Marta is a PhD student in Computer Science at the University of Toronto and Vector Institute working with Alán Aspuru-Guzik under the Canada Graduate Scholarship. Her research focuses on molecular discovery using generative modelling, as well as automating chemistry experiments in self-driving labs. Previously, Marta completed internships at Apple and Mila AI for Humanity, and has also been invited as a speaker at Google Deepmind, CECAM, the Accelerate Conference, LoGG, and FutureHouse. Marta is a founding member of the AI4Materials workshop (NeurIPS 2022-24 and ICLR 2025) and the Frontiers in Probabilistic Learning workshop (ICLR 2025).

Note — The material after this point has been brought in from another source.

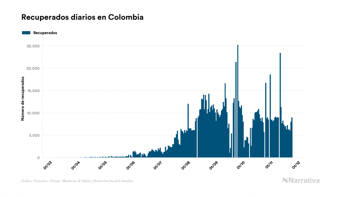 El nuevo coronavirus deja ya 1.262.494 casos de contagio en Colombia, con 58.960 de ellos actualmente activos y 35.677 fallecidos, según los últimos datos correspondientes al 25 de noviembre. Además, un total de 1.167.857 personas ya se ha recuperado desde que se produjo el primer contagio en el país.

Speaker Links: Website - Google Scholar

Abstract

Automating chemistry experiments in self-driving labs is an exciting area but there remain many challenging problems we need to solve. Adding natural language interfaces to autonomous chemistry experiment systems lowers the barrier to using complicated robotics systems and increases utility for non-expert users, but translating natural language experiment descriptions from users into low-level robotics languages is nontrivial. Furthermore, while recent advances have used large language models to generate task plans, reliably executing those plans in the real world by an embodied agent remains challenging. To enable autonomous chemistry experiments, robots must interpret natural language commands, perceive the workspace, autonomously plan multi-step actions and motions, consider safety precautions, and interact with various laboratory equipment. In this talk, I will describe our progress towards creating a robot chemist, including a framework that can plan long-horizon chemistry experiments from natural language inputs and execute them on a real robot.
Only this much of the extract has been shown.